● **EXERCISE BRIEF**: Keep every word of the listing and drop the images when you write it out.

COLLECTED MATERIAL below:

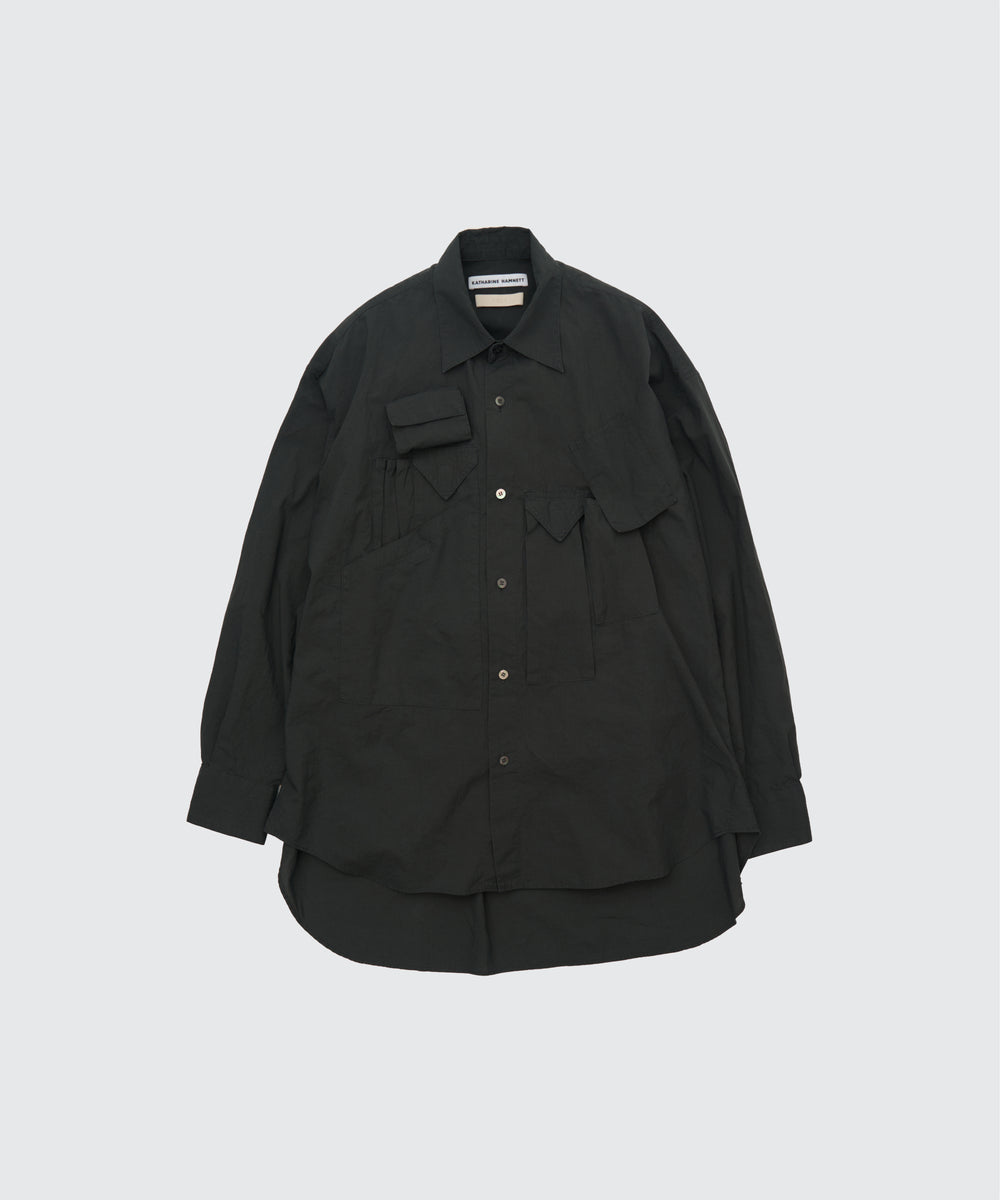 1982年のリリース以降、"KATHARINE HAMNETT" のシグネチャーアイテムとなっているマルチポケットシャツ。複雑に配置されたポケットとオーバーシルエットが特徴的。GOTS 認証の超長綿オーガニックコットンローンを使用し、特殊な柔軟加工を施すことで、独特の洗い感と柔らかさを持たせました。
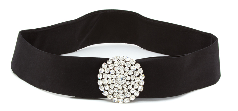 with a black satin adjustable belt and a slide clasp closure.Unstamped.
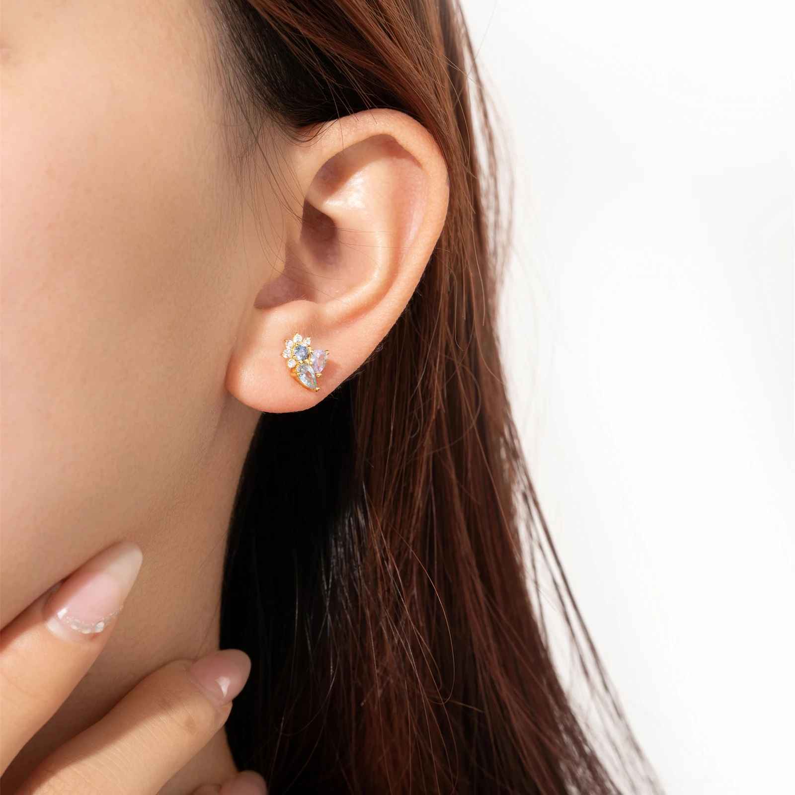 Die wunderschöne Kombination aus Ozeanblau, Champagner und klaren CZ-Steinen schafft einzigartige Cluster-Ohrstecker. Diese lassen sich perfekt mit Ihren Favoriten kombinieren, um Ihre eigene minimalistische Ohrparty zu kreieren. Das sind Ohrringe, die Sie nicht mehr ausziehen möchten!

End of COLLECTED MATERIAL.

● **TASK ANSWER**:
 1982年のリリース以降、"KATHARINE HAMNETT" のシグネチャーアイテムとなっているマルチポケットシャツ。複雑に配置されたポケットとオーバーシルエットが特徴的。GOTS 認証の超長綿オーガニックコットンローンを使用し、特殊な柔軟加工を施すことで、独特の洗い感と柔らかさを持たせました。
 with a black satin adjustable belt and a slide clasp closure.Unstamped.
 Die wunderschöne Kombination aus Ozeanblau, Champagner und klaren CZ-Steinen schafft einzigartige Cluster-Ohrstecker. Diese lassen sich perfekt mit Ihren Favoriten kombinieren, um Ihre eigene minimalistische Ohrparty zu kreieren. Das sind Ohrringe, die Sie nicht mehr ausziehen möchten!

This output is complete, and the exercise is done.